TASK REQUIREMENTS —
Please restate word for word the lines of the entries below from the one with "Магнит Аптека, сеть" to the one with "Chain link with", inclusive, and leave out every picture.
+++ DATA EXTRACT +++
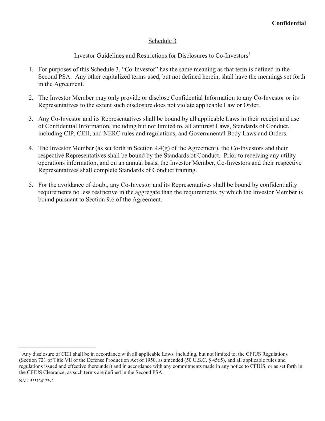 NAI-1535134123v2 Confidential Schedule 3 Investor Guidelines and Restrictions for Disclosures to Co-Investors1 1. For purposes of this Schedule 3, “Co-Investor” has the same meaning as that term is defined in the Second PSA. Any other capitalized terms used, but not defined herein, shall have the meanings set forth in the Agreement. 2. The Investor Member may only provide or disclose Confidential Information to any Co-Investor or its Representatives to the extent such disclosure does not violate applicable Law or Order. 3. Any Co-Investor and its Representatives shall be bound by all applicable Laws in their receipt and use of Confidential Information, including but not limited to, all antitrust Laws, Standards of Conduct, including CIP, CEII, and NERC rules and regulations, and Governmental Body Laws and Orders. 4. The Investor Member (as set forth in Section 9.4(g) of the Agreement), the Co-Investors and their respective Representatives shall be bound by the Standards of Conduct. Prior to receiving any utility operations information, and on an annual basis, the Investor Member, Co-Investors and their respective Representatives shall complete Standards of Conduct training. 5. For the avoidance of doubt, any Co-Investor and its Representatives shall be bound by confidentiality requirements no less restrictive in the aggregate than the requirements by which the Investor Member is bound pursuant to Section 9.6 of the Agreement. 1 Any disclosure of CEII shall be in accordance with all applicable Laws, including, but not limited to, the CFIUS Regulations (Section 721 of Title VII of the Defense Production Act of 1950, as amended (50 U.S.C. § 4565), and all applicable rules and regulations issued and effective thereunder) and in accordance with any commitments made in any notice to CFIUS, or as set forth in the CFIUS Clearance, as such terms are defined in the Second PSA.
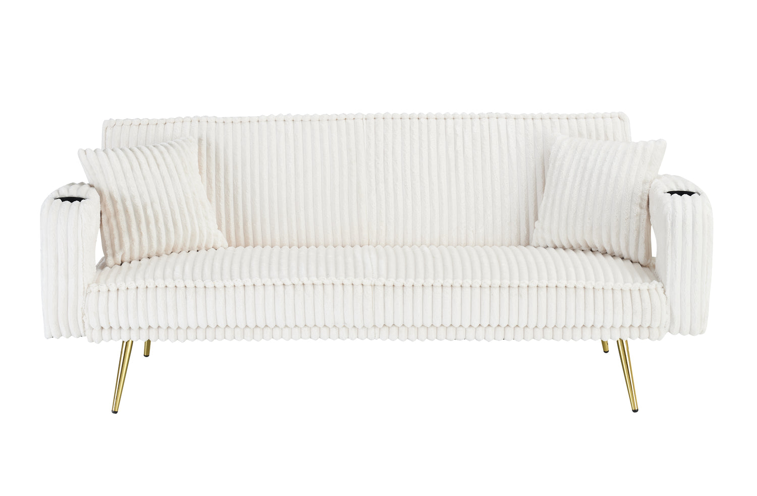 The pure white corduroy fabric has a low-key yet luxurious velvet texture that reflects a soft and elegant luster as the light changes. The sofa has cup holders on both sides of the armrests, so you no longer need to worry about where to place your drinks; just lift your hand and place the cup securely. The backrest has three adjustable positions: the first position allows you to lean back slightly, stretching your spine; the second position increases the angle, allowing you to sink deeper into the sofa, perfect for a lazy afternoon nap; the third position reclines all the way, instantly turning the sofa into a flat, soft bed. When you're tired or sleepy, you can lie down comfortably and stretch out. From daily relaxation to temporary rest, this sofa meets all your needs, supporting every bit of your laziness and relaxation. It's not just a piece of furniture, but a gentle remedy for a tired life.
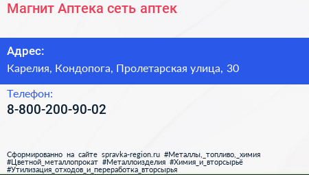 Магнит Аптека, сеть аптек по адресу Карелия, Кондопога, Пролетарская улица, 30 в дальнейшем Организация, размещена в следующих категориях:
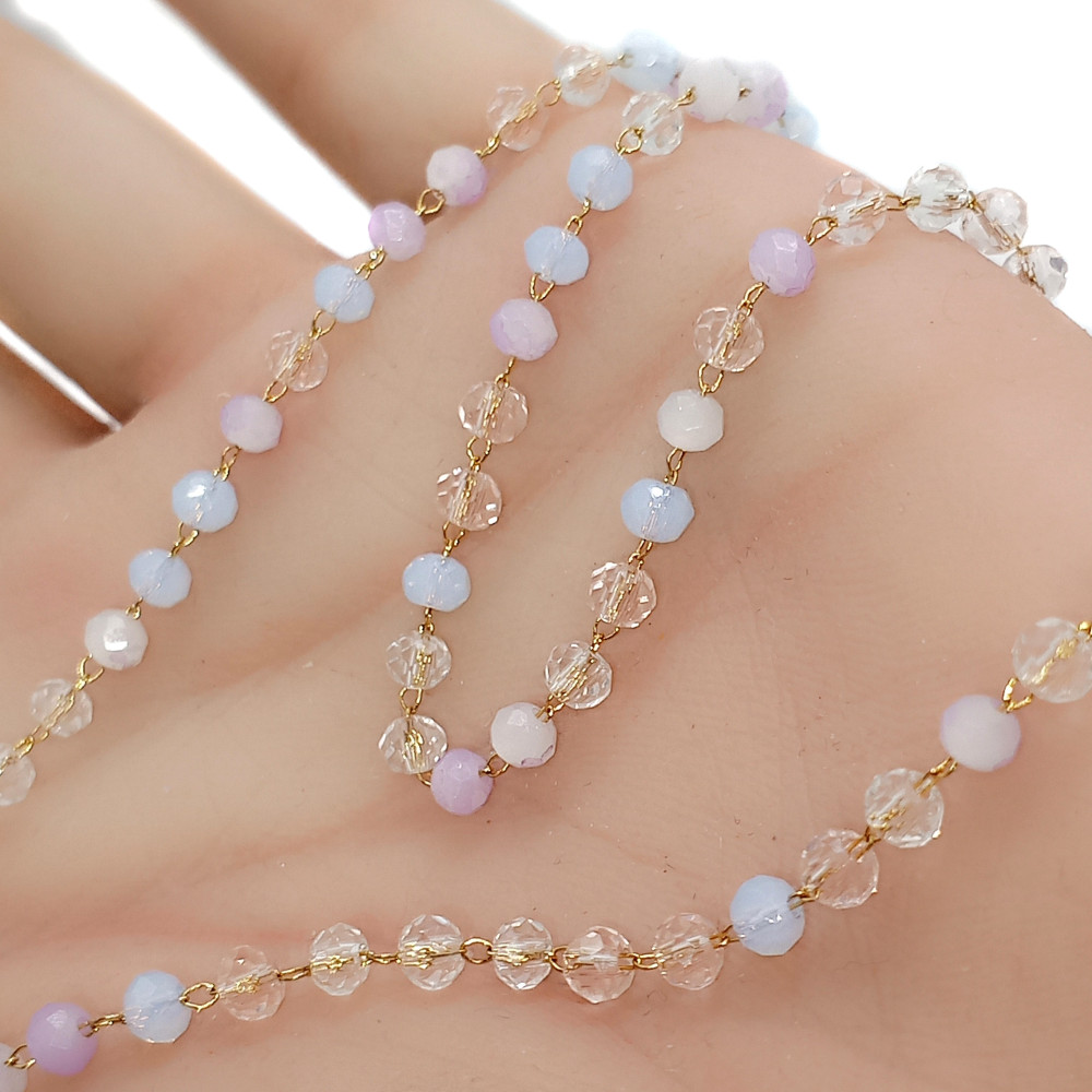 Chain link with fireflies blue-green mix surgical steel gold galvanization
+++
+++ DATA EXTRACT +++
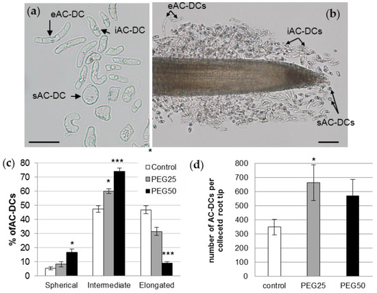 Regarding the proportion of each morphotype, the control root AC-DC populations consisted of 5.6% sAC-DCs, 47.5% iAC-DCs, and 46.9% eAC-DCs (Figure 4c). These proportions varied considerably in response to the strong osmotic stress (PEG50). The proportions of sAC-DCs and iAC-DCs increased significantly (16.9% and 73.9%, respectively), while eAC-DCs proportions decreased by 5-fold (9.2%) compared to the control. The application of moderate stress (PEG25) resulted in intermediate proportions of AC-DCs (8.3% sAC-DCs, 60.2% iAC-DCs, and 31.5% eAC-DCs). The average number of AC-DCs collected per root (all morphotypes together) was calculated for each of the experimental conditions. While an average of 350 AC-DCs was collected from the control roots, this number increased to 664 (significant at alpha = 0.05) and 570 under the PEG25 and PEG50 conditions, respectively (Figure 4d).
+++
RESULT OF THE EXERCISE —
 Магнит Аптека, сеть аптек по адресу Карелия, Кондопога, Пролетарская улица, 30 в дальнейшем Организация, размещена в следующих категориях:
 Chain link with fireflies blue-green mix surgical steel gold galvanization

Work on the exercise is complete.